Records:
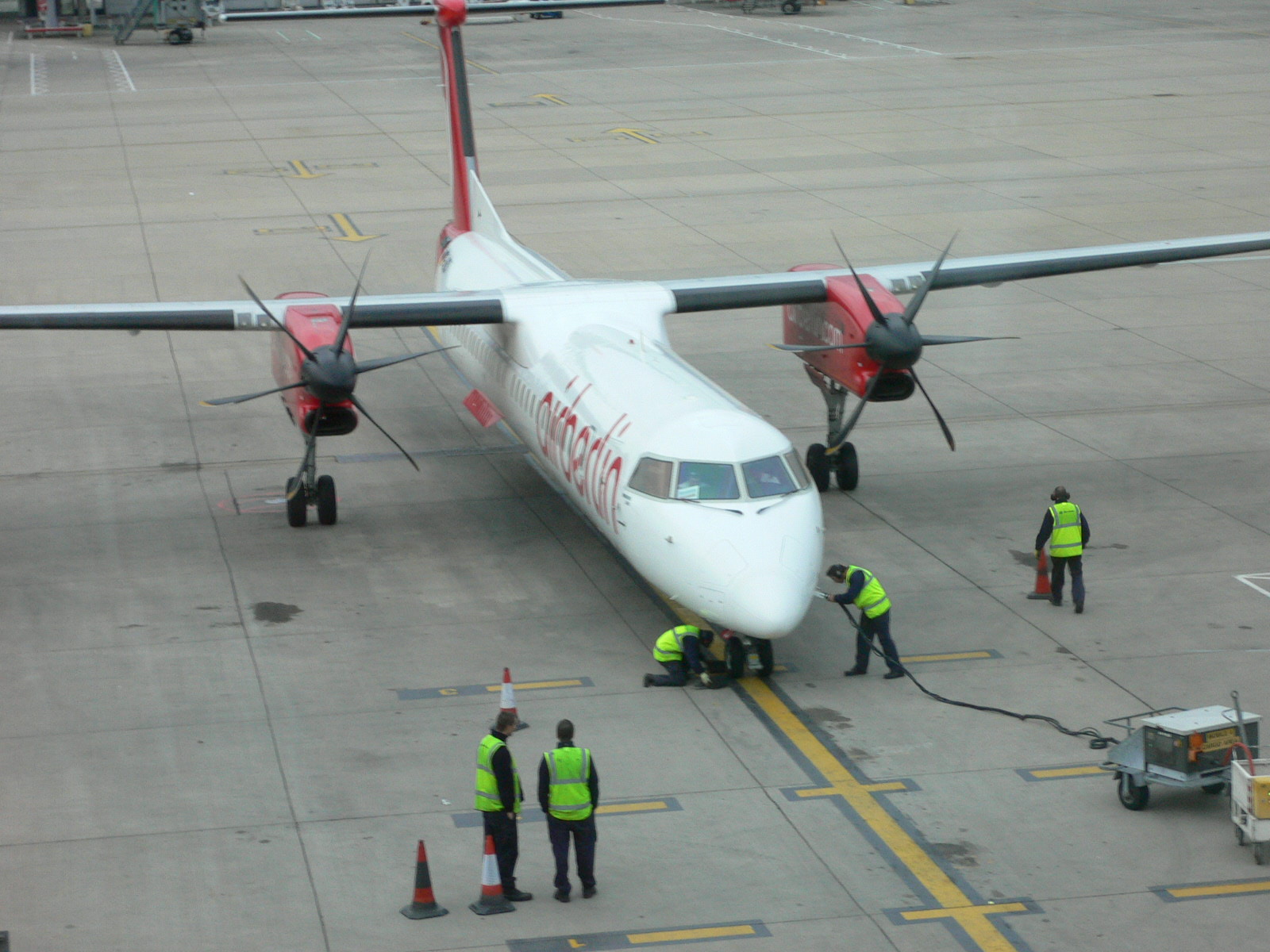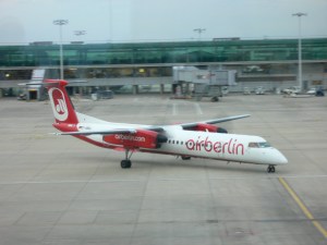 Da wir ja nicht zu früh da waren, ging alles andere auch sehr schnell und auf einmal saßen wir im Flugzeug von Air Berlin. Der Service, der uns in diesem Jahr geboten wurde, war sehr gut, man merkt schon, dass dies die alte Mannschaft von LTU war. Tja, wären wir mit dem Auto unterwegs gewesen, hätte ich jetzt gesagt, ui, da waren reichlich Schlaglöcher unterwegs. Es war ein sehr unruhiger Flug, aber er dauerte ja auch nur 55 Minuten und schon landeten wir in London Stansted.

* * *

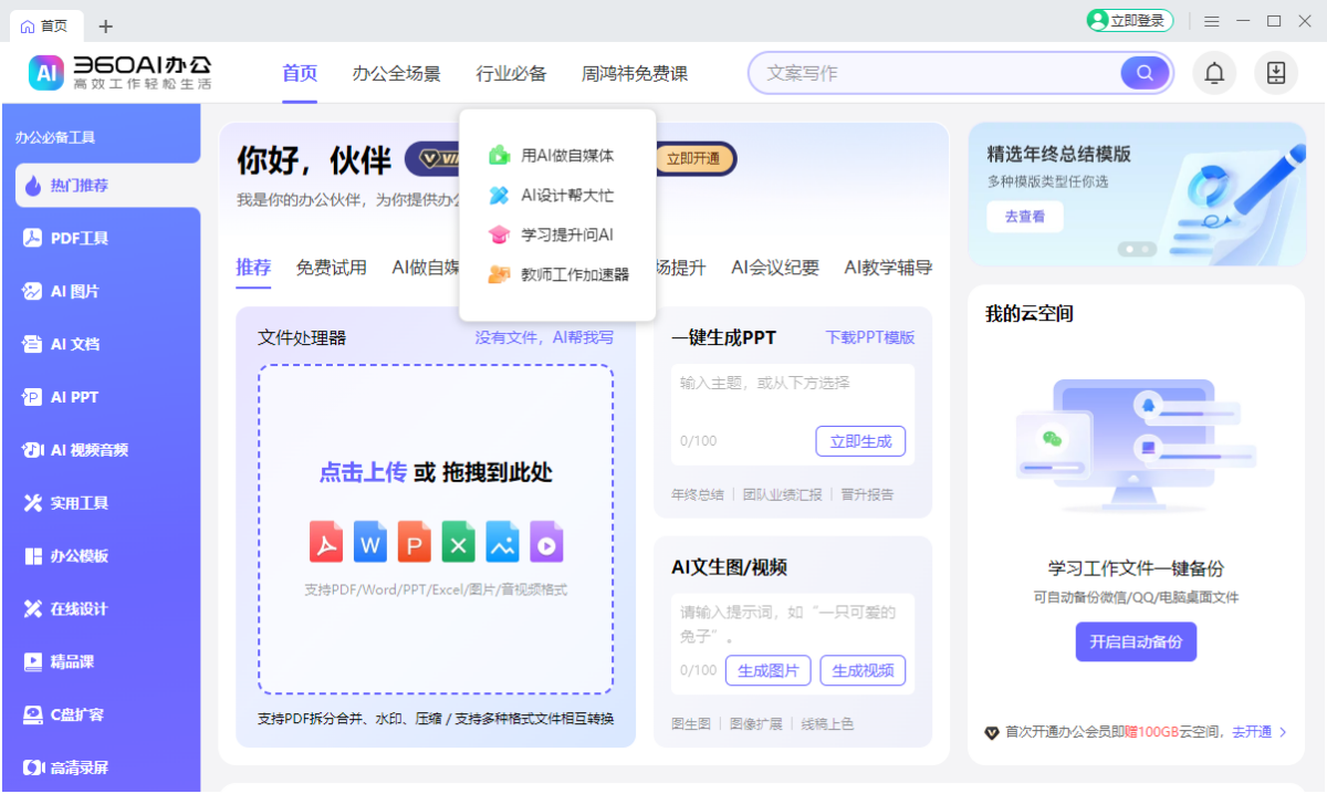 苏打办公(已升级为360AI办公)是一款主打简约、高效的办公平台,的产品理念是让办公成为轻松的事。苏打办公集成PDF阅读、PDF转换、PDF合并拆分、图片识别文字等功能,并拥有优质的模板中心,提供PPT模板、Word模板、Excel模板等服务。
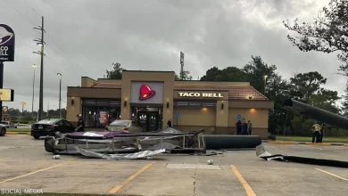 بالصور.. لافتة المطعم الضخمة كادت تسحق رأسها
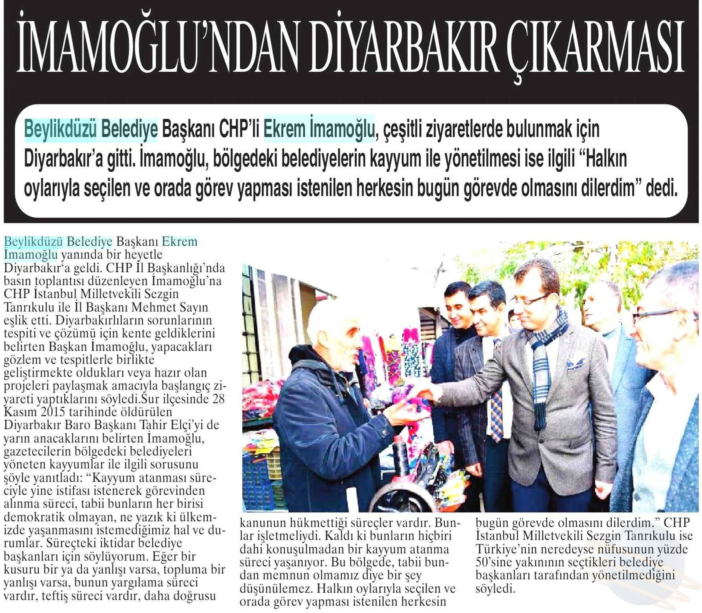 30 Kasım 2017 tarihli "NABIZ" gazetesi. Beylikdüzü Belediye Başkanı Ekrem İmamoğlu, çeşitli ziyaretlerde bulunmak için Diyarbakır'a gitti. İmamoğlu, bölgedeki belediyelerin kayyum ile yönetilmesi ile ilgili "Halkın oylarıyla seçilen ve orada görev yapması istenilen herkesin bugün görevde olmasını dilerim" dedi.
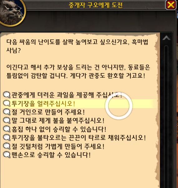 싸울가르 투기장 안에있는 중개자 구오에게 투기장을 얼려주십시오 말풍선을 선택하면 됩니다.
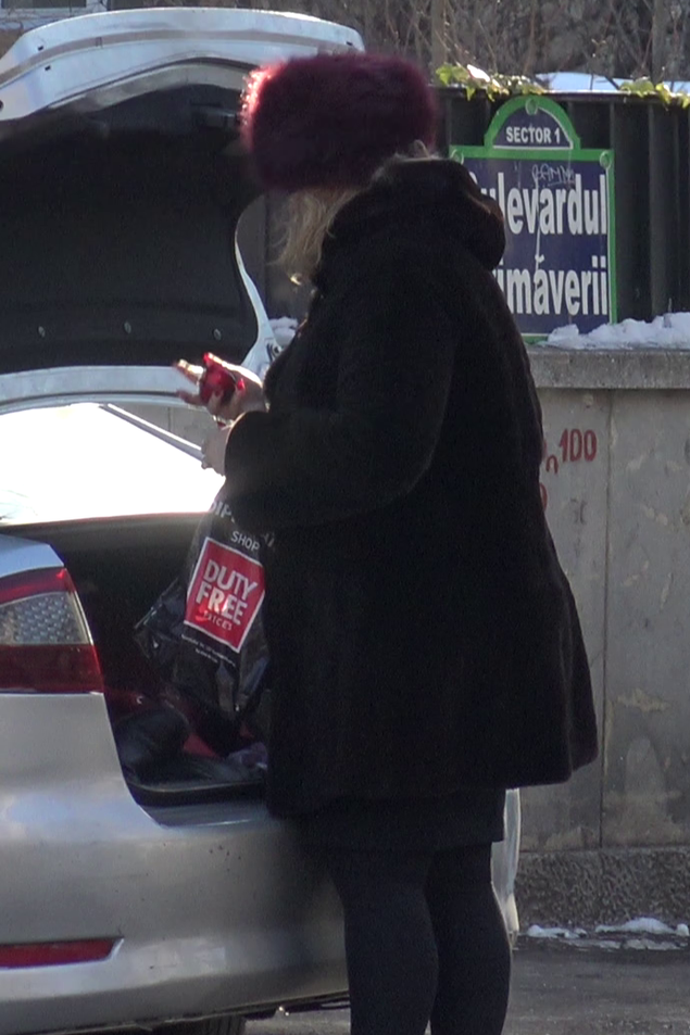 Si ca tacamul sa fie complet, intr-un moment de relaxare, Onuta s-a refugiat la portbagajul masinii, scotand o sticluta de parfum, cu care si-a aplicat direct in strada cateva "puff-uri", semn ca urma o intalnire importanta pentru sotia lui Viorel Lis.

Requirement: Working from the entries above, please transcribe only the lines from the line with "30 Kasım 2017" through the line with "Si ca tacamul", exactly, with both end lines and without pictures.

Problem solution:
 30 Kasım 2017 tarihli "NABIZ" gazetesi. Beylikdüzü Belediye Başkanı Ekrem İmamoğlu, çeşitli ziyaretlerde bulunmak için Diyarbakır'a gitti. İmamoğlu, bölgedeki belediyelerin kayyum ile yönetilmesi ile ilgili "Halkın oylarıyla seçilen ve orada görev yapması istenilen herkesin bugün görevde olmasını dilerim" dedi.
 싸울가르 투기장 안에있는 중개자 구오에게 투기장을 얼려주십시오 말풍선을 선택하면 됩니다.
 Si ca tacamul sa fie complet, intr-un moment de relaxare, Onuta s-a refugiat la portbagajul masinii, scotand o sticluta de parfum, cu care si-a aplicat direct in strada cateva "puff-uri", semn ca urma o intalnire importanta pentru sotia lui Viorel Lis.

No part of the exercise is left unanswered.